Sometimes, it is interesting to get the environment where the strategy is applied. The interface Strategy has a method getEnvironment() which returns the current environment of the strategy. This is particularly interesting to obtain the position (in the subject) where the strategy is currently applied. In this case, you can call getEnvironment().getPosition().

This information is also available through the getEnvironment() method from the AbstractStrategy class. To use this method or the following strategies which depend on it, you must call the visit method on your strategy instead of visitLight. That is the difference between visitLight and visit. Only the visit method maintain an environment.

Strategy s;
try {
  s = `OnceBottomUp(rule);
} catch(VisitFailure e) {
  System.out.prinltn("Failure at position" + s.getEnvironment().getPosition());

The library gives several basic strategies using the position:

(Omega(i,s))[f(t1,...,tn)] f(t1,...,ti’,...,tn) if (s)[ti] ⇒ti’
failure if (s)[ti] fails
(getEnvironment().getPosition().getReplace(i,t))[f(t1,...,tn)] f(t1,...,t,...,tn)
(getEnvironment().getPosition().getSubterm(i,t))[f(t1,...,tn)] ti

Note: the static method getEnvironment().getPosition().getReplace(i,t) corresponds to the strategy Omega(i,s) where s is a strategy reduced to one rule xt.

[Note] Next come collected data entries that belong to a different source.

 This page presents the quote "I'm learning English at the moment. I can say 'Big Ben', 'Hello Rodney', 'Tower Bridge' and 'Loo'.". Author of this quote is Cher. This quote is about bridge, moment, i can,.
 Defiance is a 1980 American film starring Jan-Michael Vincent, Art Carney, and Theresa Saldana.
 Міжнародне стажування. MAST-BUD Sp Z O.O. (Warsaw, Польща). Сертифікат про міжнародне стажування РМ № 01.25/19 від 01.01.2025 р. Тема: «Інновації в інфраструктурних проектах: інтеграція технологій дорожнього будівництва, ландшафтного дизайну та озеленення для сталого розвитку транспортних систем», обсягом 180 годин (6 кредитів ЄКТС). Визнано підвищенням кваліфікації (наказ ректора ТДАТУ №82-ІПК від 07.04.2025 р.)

Note: the static method getEnvironment().getPosition().getReplace(i,t) returns a strategy that is not type preserving.

Strategy library

In order to define recursive strategies, we introduce the µ abstractor. This allows to give a name to the current strategy, which can be referenced later.

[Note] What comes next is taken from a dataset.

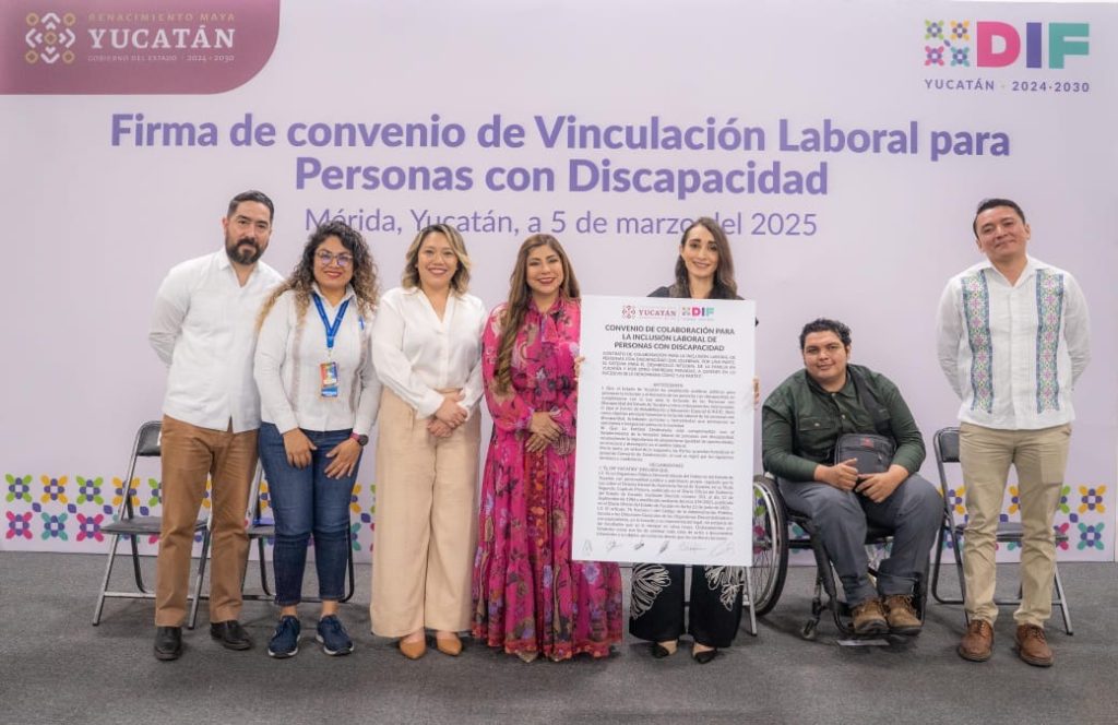Mérida, Yucatán, a 5 de marzo de 2025.- Con el objetivo de vincular a personas con algún tipo de discapacidad a la vida laboral, y procurar el desarrollo pleno de sus habilidades y aptitudes, en coordinación con el CREE (Centro de Rehabilitación y Educación Especial), el Gobierno del Estado a través del DIF Yucatán celebró la firma de un convenio de colaboración para la vinculación laboral de personas con discapacidad.

Try(s) = Choice(s,Identity)
Repeat(s) = µ x.Choice(Sequence(s,x),Identity())
OnceBottomUp(s) = µ x.Choice(One(x),s)
BottomUp(s) = µ x.Sequence(All(x),s)
TopDown(s) = µ x.Sequence(s,All(x))
Innermost(s) = µ x.Sequence(All(x),Try(Sequence(s,x)))

The Try strategy never fails: it tries to apply the strategy s. If it succeeds, the result is returned. Otherwise,the Identity strategy is applied, and the subject is not modified.

The Repeat strategy applies the strategy s as many times as possible, until a failure occurs. The last unfailing result is returned.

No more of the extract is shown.